Malaysian politician (1964–2025)

Salleh bin Haji Kalbi (10 August 1964 – 13 April 2025) was a Malaysian politician who served as the Member of Parliament for the Silam constituency in Sabah from 2008 to 2013. He represented the United Malays National Organisation (UMNO), a component party of the ruling Barisan Nasional (BN) coalition.

Salleh was elected to Parliament in the 2008 general election, succeeding his UMNO colleague, Samsu Baharun, as the representative for Silam.
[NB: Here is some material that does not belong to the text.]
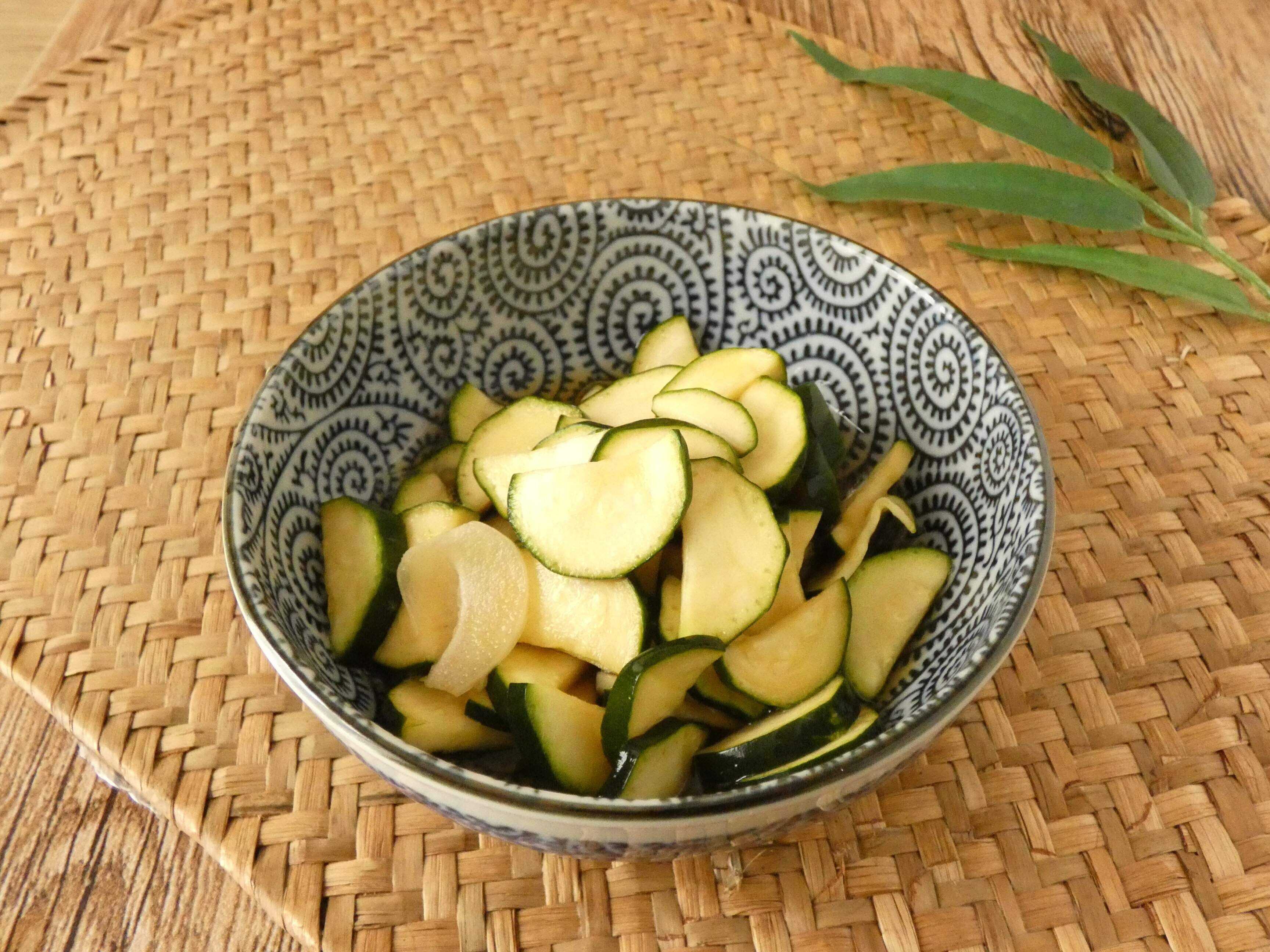 ズッキーニのニンニクめんつゆ漬け

He was not selected as a candidate by UMNO for the 2013 general election.

Salleh died in Lahad Datu, Sabah, Malaysia on 13 April 2025, at the age of 60.

== Election results ==

Parliament of Malaysia
| Year | Constituency | Candidate |  | Votes | Pct | Opponent(s) |  | Votes | Pct | Ballots cast | Majority | Turnout |
|---|---|---|---|---|---|---|---|---|---|---|---|---|
| 2008 | P188 Silam |  | Salleh Kalbi (UMNO) | 18,111 | 68.52% |  | Hashbullah Imam Ohang (PKR) | 8,319 | 31.48% | 27,557 | 9,792 | 63.37% |

==Honours==
- Sabah
  - Member of the Order of Kinabalu (ADK) (2001)
- Pahang
  - Knight Companion of the Order of the Crown of Pahang (DIMP) – Dato' (2011)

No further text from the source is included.